Je zou maar belegd hebben in obligaties bijna geen rendement of zelfs een negatief rendement, maar het is een belegging je wordt belast tegen 5,39% in 2017.
Of je zou aandelen hebben, gezien de tabel heb je gemiddeld over de 5 jaar 10% koerswinst behaald. Maar heb je dividend gekregen? Het lijkt erop dat reeds een voorschot genomen wordt op de vermogensaanwasbelasting. Echter volgens Van Dale is rendement winst. Volgens het algemene principe van “goed koopmansgebruik” hoeft winst pas genomen te worden als hij gerealiseerd is een en ander in het kader van het voorzichtigheidsbeginsel. Die voorzichtigheid zou dan beleggers niet toekomen: die moeten betalen over waardestijgingen die nog niet gerealiseerd worden. En hoe gaat dat met nog niet gerealiseerde dalingen?
Hetzelfde heeft te gelden voor onroerend goed. Als ik een woning heb die verhuurd is, zal ik als rendement de huur ontvangen, dat de woning in waarde stijgt is nog geen rendement. Sterker nog naast de huur zijn veel vastgoedinvesteerders bezig met een grote verduurzamingsslag. Deze kosten mogen dan nog eens in mindering op de ontvangen huur, dus ja rendement ik weet het niet zo net, maar zeker geen 20,4% in 2021.

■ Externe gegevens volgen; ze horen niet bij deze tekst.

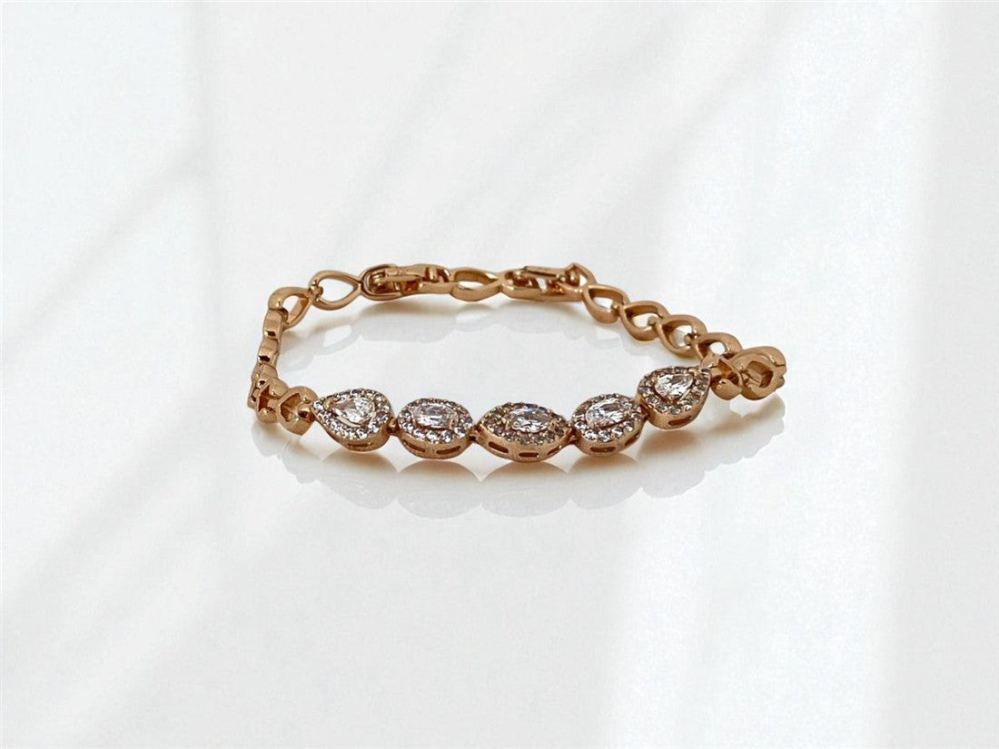 PULSERA DAMA DISEÑO DE LAGRIMAS CON PIEDRAS BRILLANTES DE DOBLE BROCHE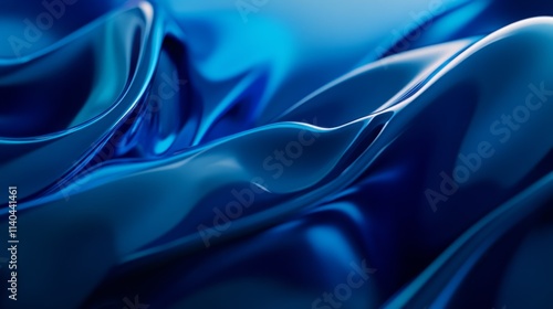 © Pichapob, Fototapeta premium Glossy Blue Satin Fabric with Elegant Waves and Soft Texture

Ik verwacht dat de Belastingdienst veel bezwaarschriften tegemoet kan zien, ten aanzien van de nog op te leggen aanslagen in BOX III. En degene die reeds bezwaar (ik begrijp dat er toch 210.000 bezwaarschriften BOX III liggen) indiende tegen de opgelegde aanslagen kan, zo heeft de Staatssecretaris aangegeven, als de uitkomst van de hersteloperatie niet het gewenste resultaat heeft, een verzoek tot ambtshalve vermindering kunnen doen waartegen indien afgewezen beroep open staat.
Ik weet niet of de Belastingdienst de komende jaren aan de doelstellingen van de controledichtheid toekomen.